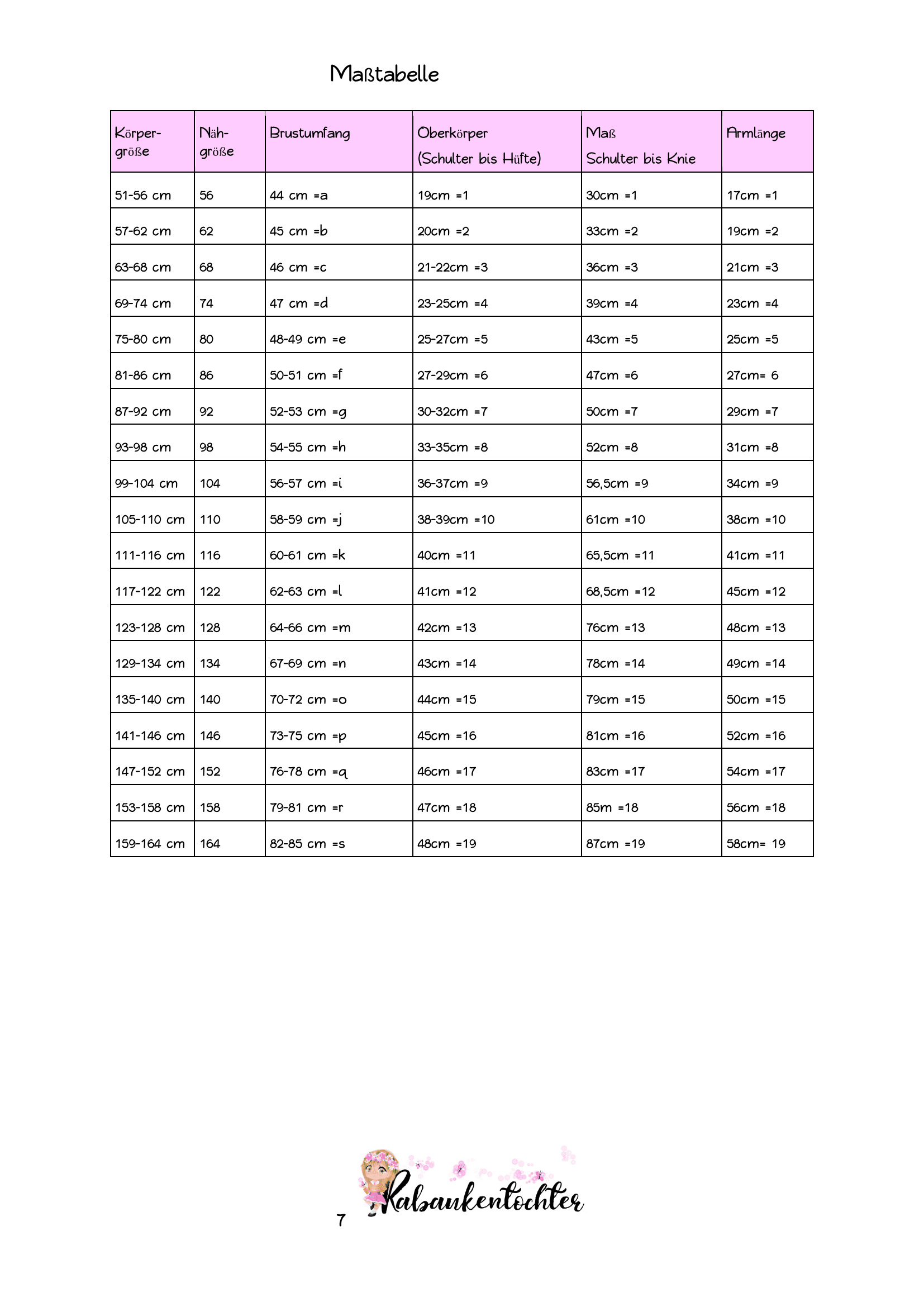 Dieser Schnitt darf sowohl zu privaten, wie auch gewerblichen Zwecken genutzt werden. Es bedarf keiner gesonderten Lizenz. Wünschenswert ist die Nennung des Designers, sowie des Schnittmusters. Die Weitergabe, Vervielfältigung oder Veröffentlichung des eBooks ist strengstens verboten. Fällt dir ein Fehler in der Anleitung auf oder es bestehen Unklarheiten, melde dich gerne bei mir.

------------------------------------------------------------------------

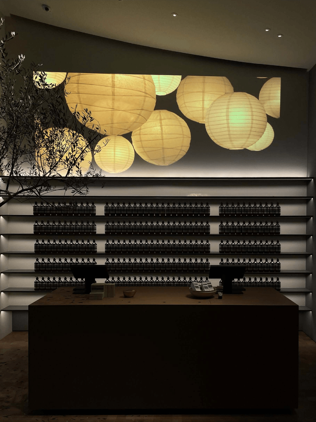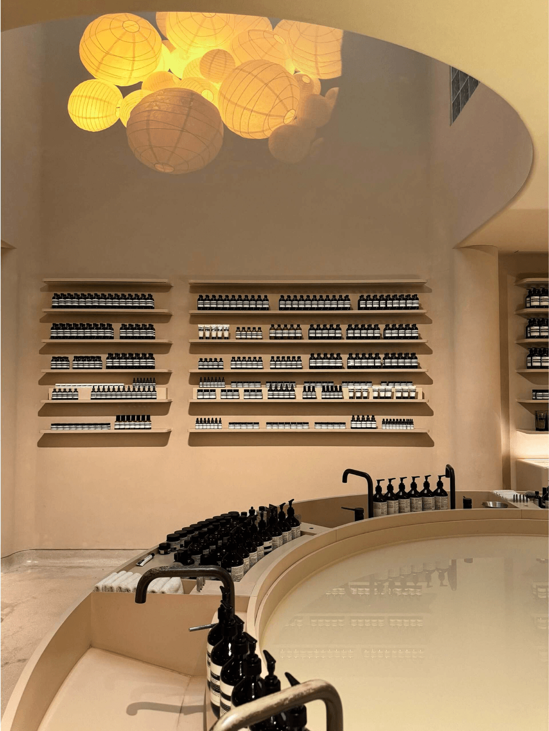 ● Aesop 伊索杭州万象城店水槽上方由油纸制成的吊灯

------------------------------------------------------------------------

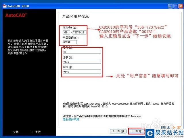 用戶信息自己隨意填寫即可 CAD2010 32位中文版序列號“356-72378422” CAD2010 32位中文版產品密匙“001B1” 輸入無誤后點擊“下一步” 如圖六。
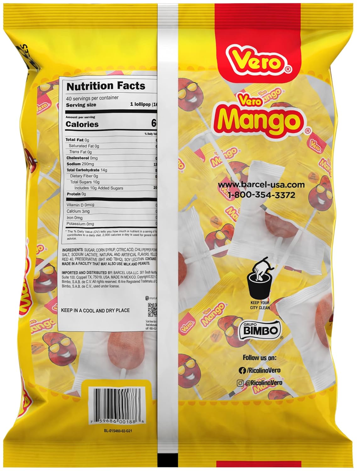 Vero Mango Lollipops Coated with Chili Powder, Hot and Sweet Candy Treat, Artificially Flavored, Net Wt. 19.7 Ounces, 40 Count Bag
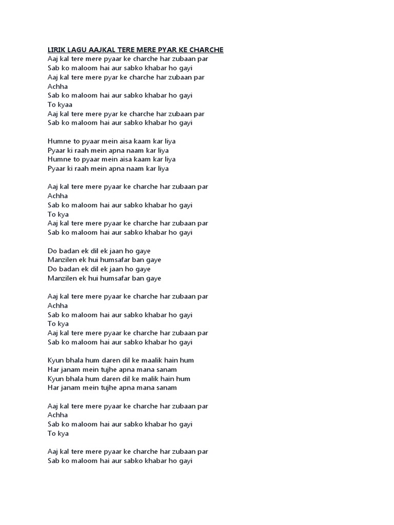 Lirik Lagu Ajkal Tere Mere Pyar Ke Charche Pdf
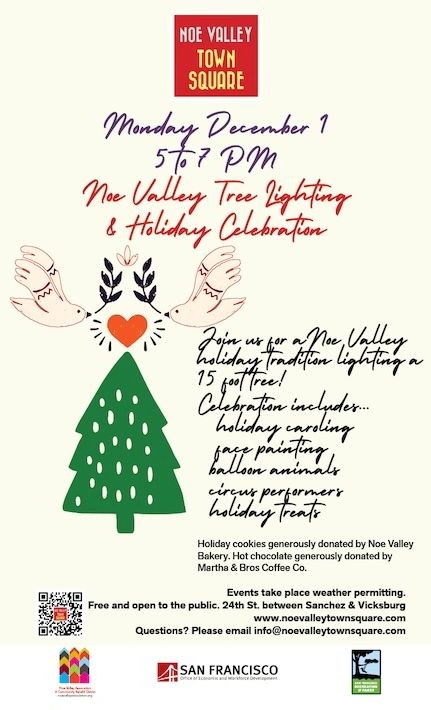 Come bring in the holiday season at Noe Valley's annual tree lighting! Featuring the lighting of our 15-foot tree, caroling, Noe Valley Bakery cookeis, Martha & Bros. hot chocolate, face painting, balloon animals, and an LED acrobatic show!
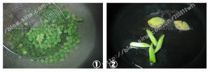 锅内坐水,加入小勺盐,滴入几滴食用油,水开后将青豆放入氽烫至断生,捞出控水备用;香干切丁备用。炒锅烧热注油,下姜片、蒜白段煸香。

------------------------------------------------------------------------

Exercise directions: In the listing above, find the line with "Vero Mango Lollipops" and output it and every line after it up to and including the line with "锅内坐水,加入小勺盐,滴入几", exactly, minus the pictures.

Task result:
 Vero Mango Lollipops Coated with Chili Powder, Hot and Sweet Candy Treat, Artificially Flavored, Net Wt. 19.7 Ounces, 40 Count Bag
 Lirik Lagu Ajkal Tere Mere Pyar Ke Charche Pdf
 Come bring in the holiday season at Noe Valley's annual tree lighting! Featuring the lighting of our 15-foot tree, caroling, Noe Valley Bakery cookeis, Martha & Bros. hot chocolate, face painting, balloon animals, and an LED acrobatic show!
 锅内坐水,加入小勺盐,滴入几滴食用油,水开后将青豆放入氽烫至断生,捞出控水备用;香干切丁备用。炒锅烧热注油,下姜片、蒜白段煸香。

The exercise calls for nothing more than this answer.